English
If f is a cycle, then the sign of f equals -(-1)^{|supp(f)|}, where supp(f) is the set of elements moved by f.
Русский
Пусть f — цикл; знак f равен -(-1)^{|Опора(f)|}, где Опора(f) — множество элементов, смещаемых f.
LaTeX
$$\( \operatorname{sign}(f) = -(-1)^{|\operatorname{supp}(f)|} \quad \text{when } f \text{ is a cycle}.$$
Lean4
theorem sign {f : Perm α} (hf : IsCycle f) : sign f = -(-1) ^ #f.support :=
let ⟨x, hx⟩ := hf
calc
Perm.sign f = Perm.sign (swap x (f x) * (swap x (f x) * f)) := by {
rw [← mul_assoc, mul_def, mul_def, swap_swap, trans_refl]
}
_ = -(-1) ^ #f.support :=
if h1 : f (f x) = x then
by
have h : swap x (f x) * f = 1 := by
simp only [mul_def, one_def]
rw [hf.eq_swap_of_apply_apply_eq_self hx.1 h1, swap_apply_left, swap_swap]

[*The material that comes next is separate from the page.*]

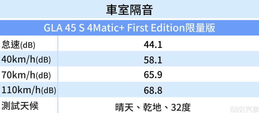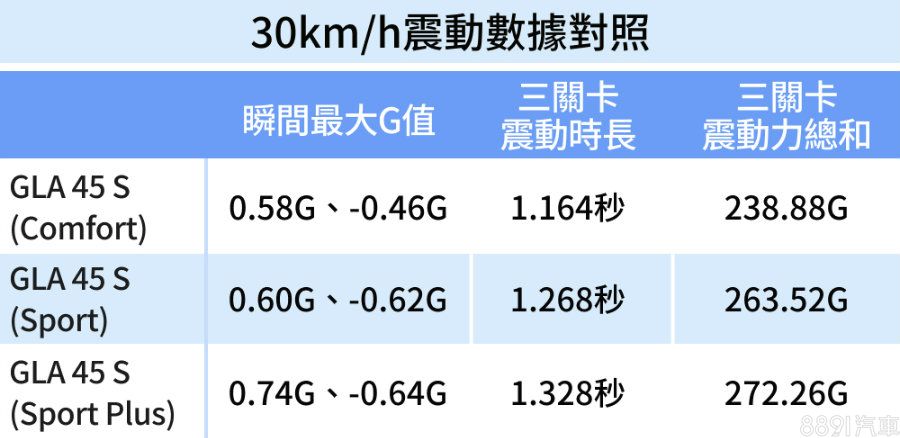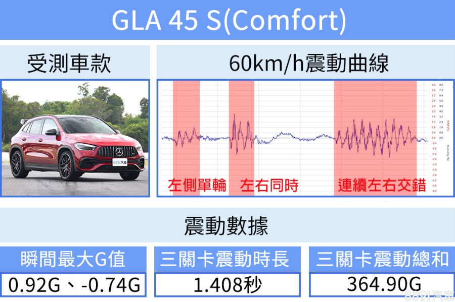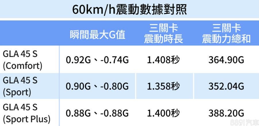 當然,GLA 45 S在定位上便不是將舒適性列為第一要務,從上表可以看出在60km/h車速下,各懸吊模式差異微乎其微,G值、時長、總和三項指標表現都相當接近,實際體感也是如此,一旦車速稍微拉高,GLA 45 在三種模式下都給人底盤硬朗、略帶躁動的性能車回饋。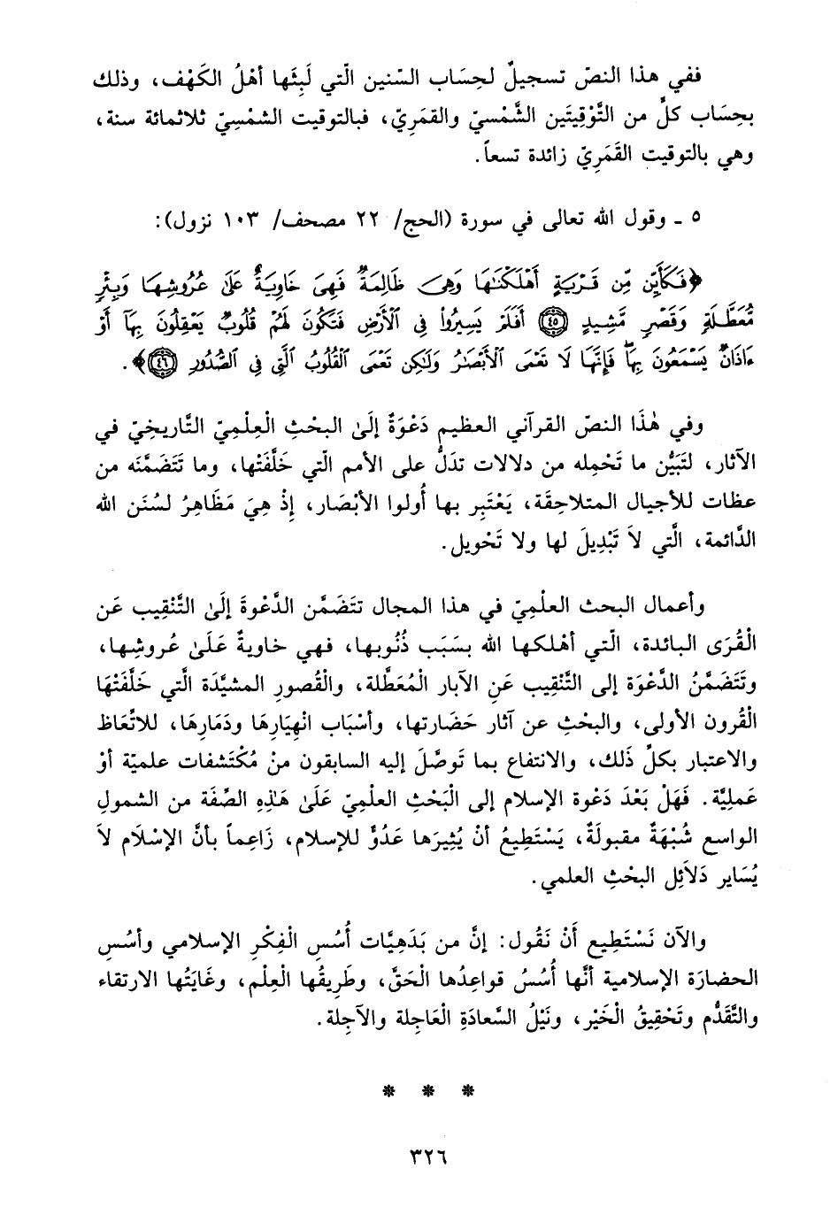 وأعمال البحث العلمي في هذا المجال تتضمن الدعوة إلى التنقيب عن القرى البائدة التي أهلكها الله بسبب ذنوبها، فهي خاوية على عروشها، وتتضمن الدعوة إلى التنقيب عن الآبار المعطلة والقصور المشيدة التي خلفتها القرون الأولى، والبحث عن آثار حضارتها، وأسباب انهيارها ودمارها، للاتعاظ والاعتبار بكل ذلك، والانتفاع بما توصل إليه السابقون من مكتشفات علمية أو عملية. فهل بعد دعوة الإسلام إلى البحث العلمي على هذه الصفة من الشمول الواسع شبهة مقبولة، يستطيع أن يثيرها عدو للإسلام، زاعمًا بأن الإسلام لا يساير دلائل البحث العلمي.

rw [sign_mul, sign_swap hx.1.symm, h, sign_one, hf.eq_swap_of_apply_apply_eq_self hx.1 h1,
card_support_swap hx.1.symm]
rfl
else
by
have h : #(swap x (f x) * f).support + 1 = #f.support := by
rw [← insert_erase (mem_support.2 hx.1), support_swap_mul_eq _ _ h1, card_insert_of_notMem (notMem_erase _ _),
sdiff_singleton_eq_erase]
rw [sign_mul, sign_swap hx.1.symm, (hf.swap_mul hx.1 h1).sign, ← h]
simp only [mul_neg, neg_mul, one_mul, neg_neg, pow_add, pow_one, mul_one]
termination_by #f.support